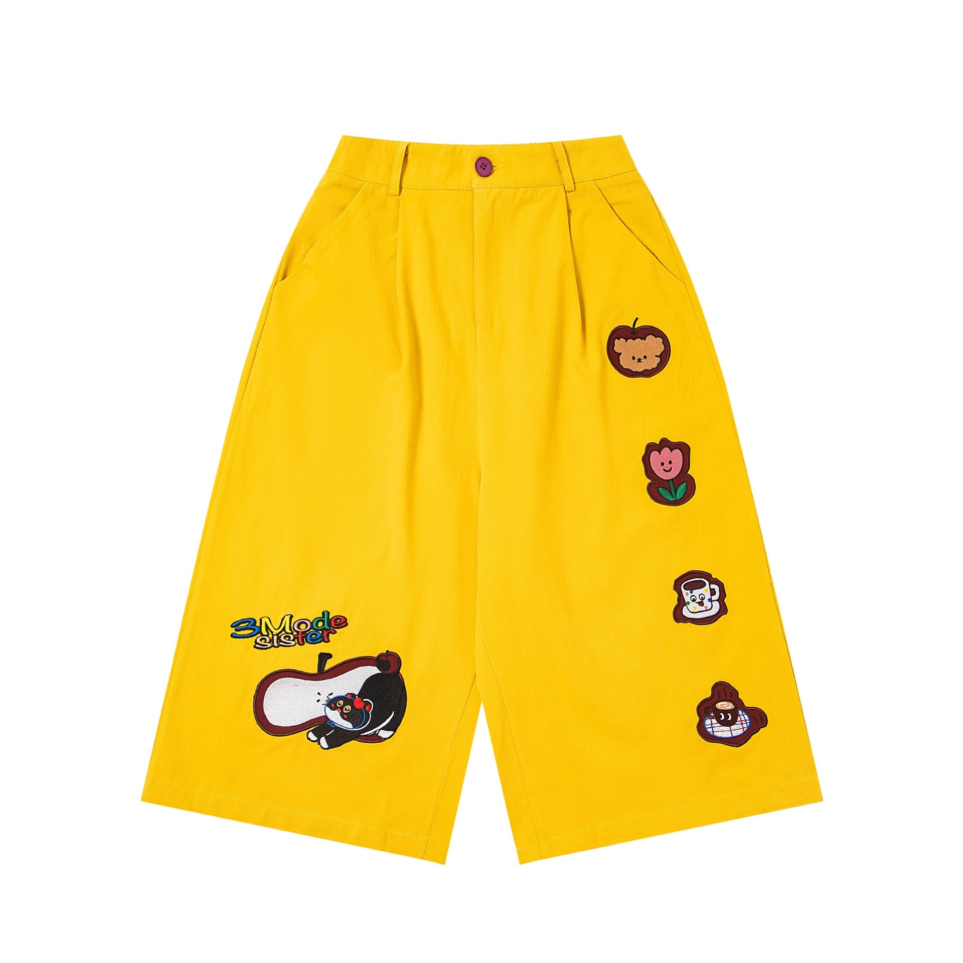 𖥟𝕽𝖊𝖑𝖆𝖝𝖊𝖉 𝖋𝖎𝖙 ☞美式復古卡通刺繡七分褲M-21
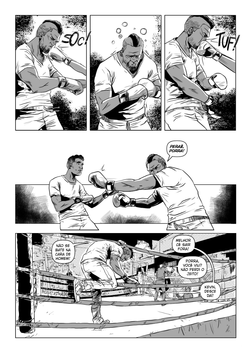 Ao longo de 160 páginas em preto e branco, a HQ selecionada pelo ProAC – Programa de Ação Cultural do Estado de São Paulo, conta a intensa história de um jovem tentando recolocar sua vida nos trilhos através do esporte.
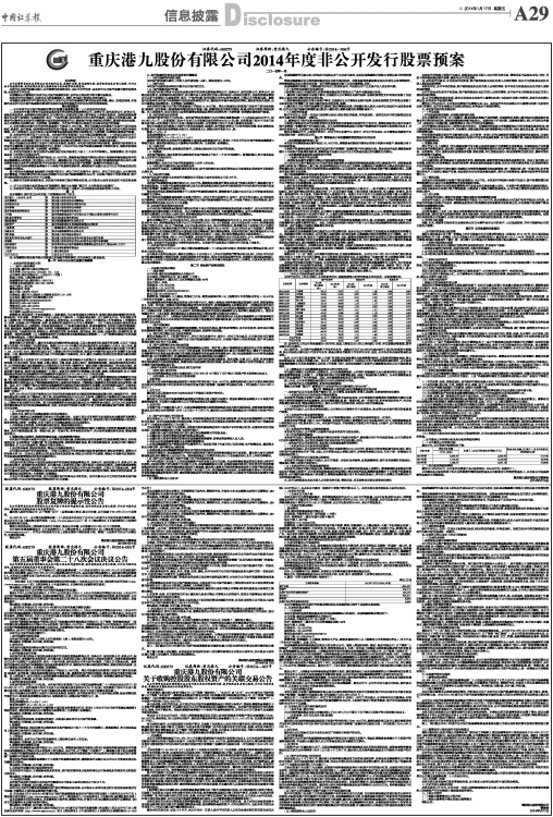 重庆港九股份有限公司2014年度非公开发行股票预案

┄┄┄┄┄┄┄┄┄┄

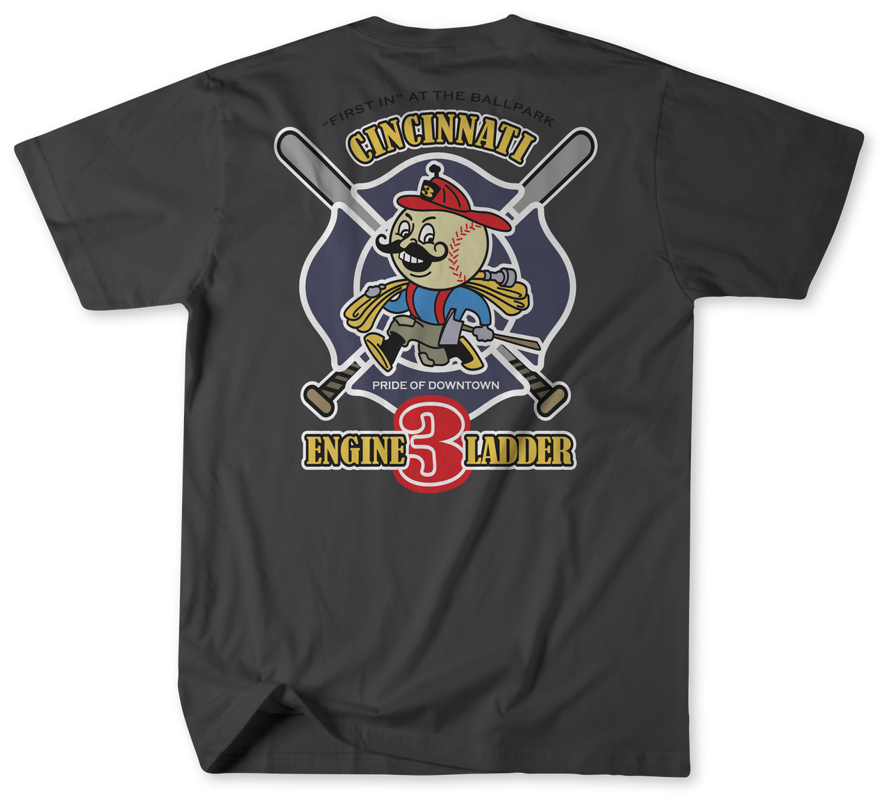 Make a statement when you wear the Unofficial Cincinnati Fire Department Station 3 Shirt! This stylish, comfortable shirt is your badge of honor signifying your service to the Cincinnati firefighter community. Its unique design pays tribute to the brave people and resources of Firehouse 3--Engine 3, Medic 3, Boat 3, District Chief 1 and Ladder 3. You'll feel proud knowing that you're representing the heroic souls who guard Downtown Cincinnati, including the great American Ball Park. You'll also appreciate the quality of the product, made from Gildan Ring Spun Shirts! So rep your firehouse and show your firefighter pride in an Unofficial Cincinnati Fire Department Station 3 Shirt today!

┄┄┄┄┄┄┄┄┄┄

_WORK INSTRUCTION_:
Restate word for word every line from the one with "𖥟𝕽𝖊𝖑𝖆𝖝𝖊𝖉 𝖋𝖎𝖙 ☞美式復古卡通刺繡七分褲M-21" up to and including the one with "重庆港九股份有限公司2014年度非公开发行股票预案" in the records above, minus the pictures.

_RESPONSE AREA_:
 𖥟𝕽𝖊𝖑𝖆𝖝𝖊𝖉 𝖋𝖎𝖙 ☞美式復古卡通刺繡七分褲M-21
 Ao longo de 160 páginas em preto e branco, a HQ selecionada pelo ProAC – Programa de Ação Cultural do Estado de São Paulo, conta a intensa história de um jovem tentando recolocar sua vida nos trilhos através do esporte.
 重庆港九股份有限公司2014年度非公开发行股票预案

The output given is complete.